[[ DATA, beginning ]]

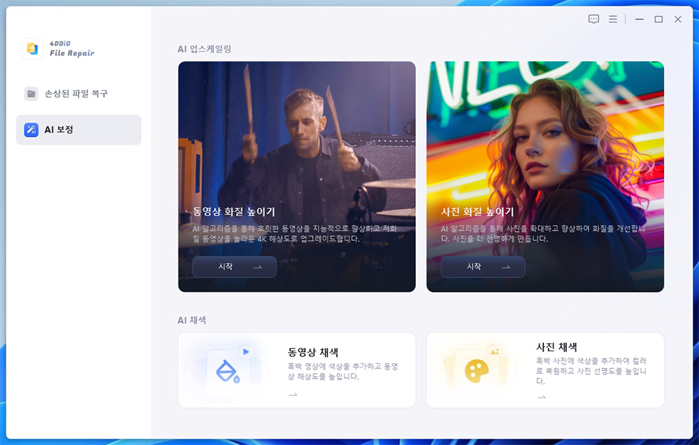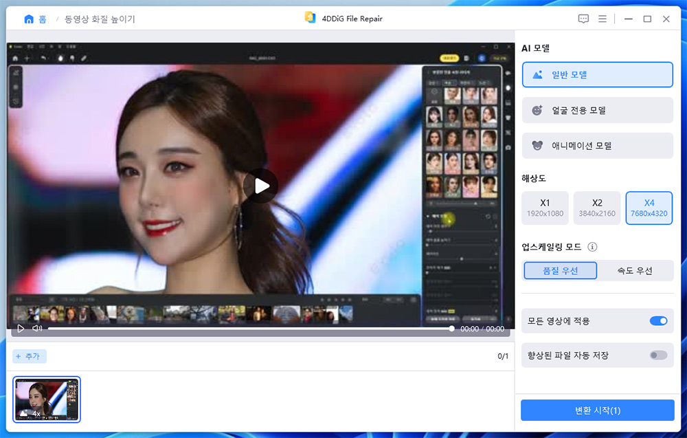 Ai 보정 기능도 있습니다. 영상이 옛날 영상인 경우 화질이 떨어지거나 해상도가 낮은 경우 더 고화질의 영상을 만들 수 있습니다.
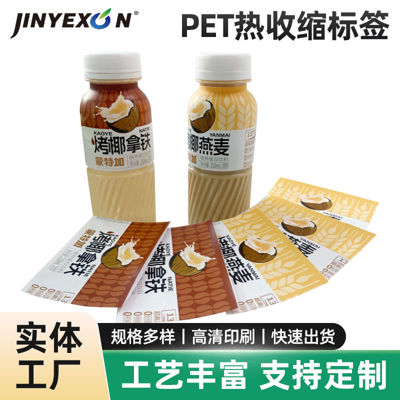 Производитель поставляет термоусадочные этикетки для животных с цветной печатью, этикетки для напитков из обжаренного кокосового молока, термоусадочная пленка, матовая розовая золотая.
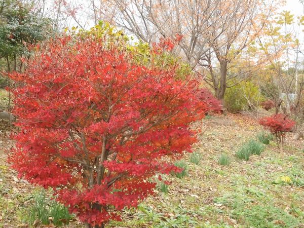 写真は2、3日前の我家の裏山の「ドダンツツジ」である。初冬にも関わらず紅色の葉が艶やかに際立っていた。横のホウバやトチノキはとっくに葉を振るっていた。ドウダンツツジは植えてから十数年経つのだが丈はなかなか伸びない。今回の寒波で恐らく落を落とすだろう。
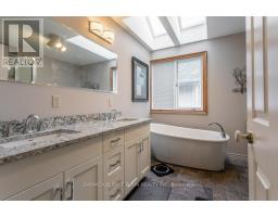A breathtaking three bedroom, three and a half bathroom residence is positioned on a beautiful street, nestled on a ravine lot and conveniently located within a short stroll of the East Elgin Community Complex and schools for grades 4-12. The recently renovated kitchen, complete with an eating area, opens to a spacious deck featuring either a screened room or an open deck with a canopy, all offering picturesque views of mature trees and the ravine landscape. The family room, featuring a wood burning fireplace, is adjacent to the kitchen and provides access to the deck and outdoor living space through a patio door. Upon entering the foyer, you are greeted by stunning double oak staircases leading to the upper and lower levels, with the foyer also opening to the living and dining room adorned with a vaulted ceiling and illuminated by natural light streaming through a generous skylight. The second floor boasts a sizable primary suite with a dedicated closet area and an updated four-piece bath. Additionally, there are two bedrooms, a loft area, and plenty of windows throughout for abundant natural light. The basement offers ample space to relax and unwind, featuring a sauna and an additional bathroom. Enjoy living in a family friendly neighbourhood with plenty of space indoors and out! (id:61594)
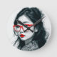Retrato negro y blanco de una dama asiática con labios y vasos rojos de color selectivo
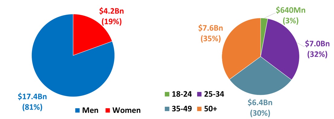 Analysis by gender reveals the average investment size for men of $23,400 is nearly twice as high as the average investment for women of $12,800.
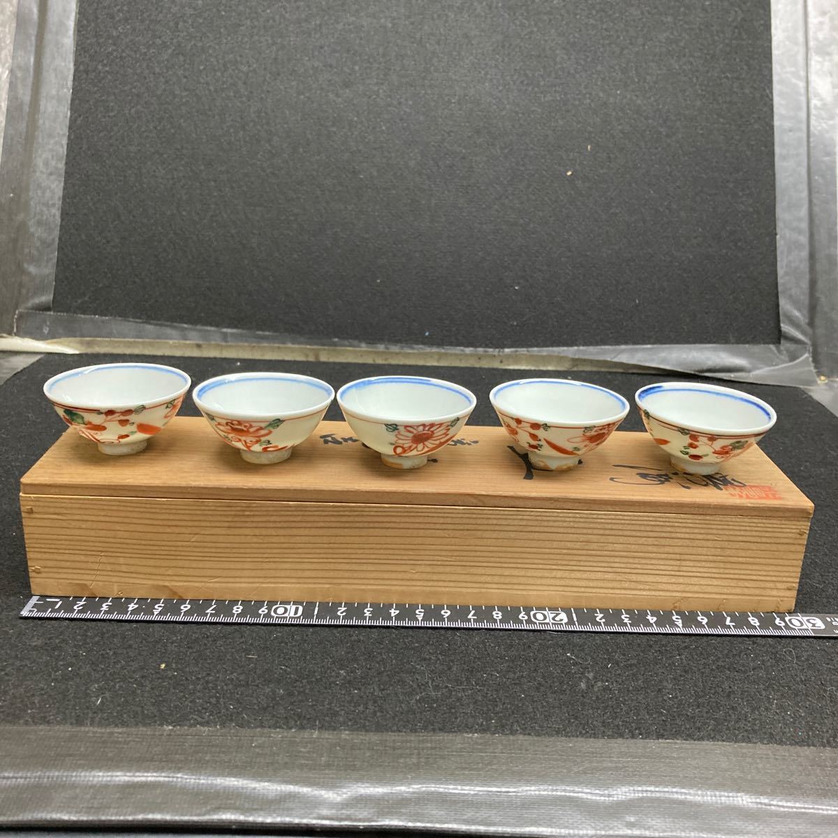 - 京焼き 橘吉造 呉須赤絵 盃 五客組 共箱付き アンテーク 盃に陶印有りません

[[ DATA, end ]]

WORK TASK: The line containing "Analysis by gender" marks the start: set down exactly that line and every line after it through the last line of the data, without any pictures.

WRITTEN ANSWER:
 Analysis by gender reveals the average investment size for men of $23,400 is nearly twice as high as the average investment for women of $12,800.
 - 京焼き 橘吉造 呉須赤絵 盃 五客組 共箱付き アンテーク 盃に陶印有りません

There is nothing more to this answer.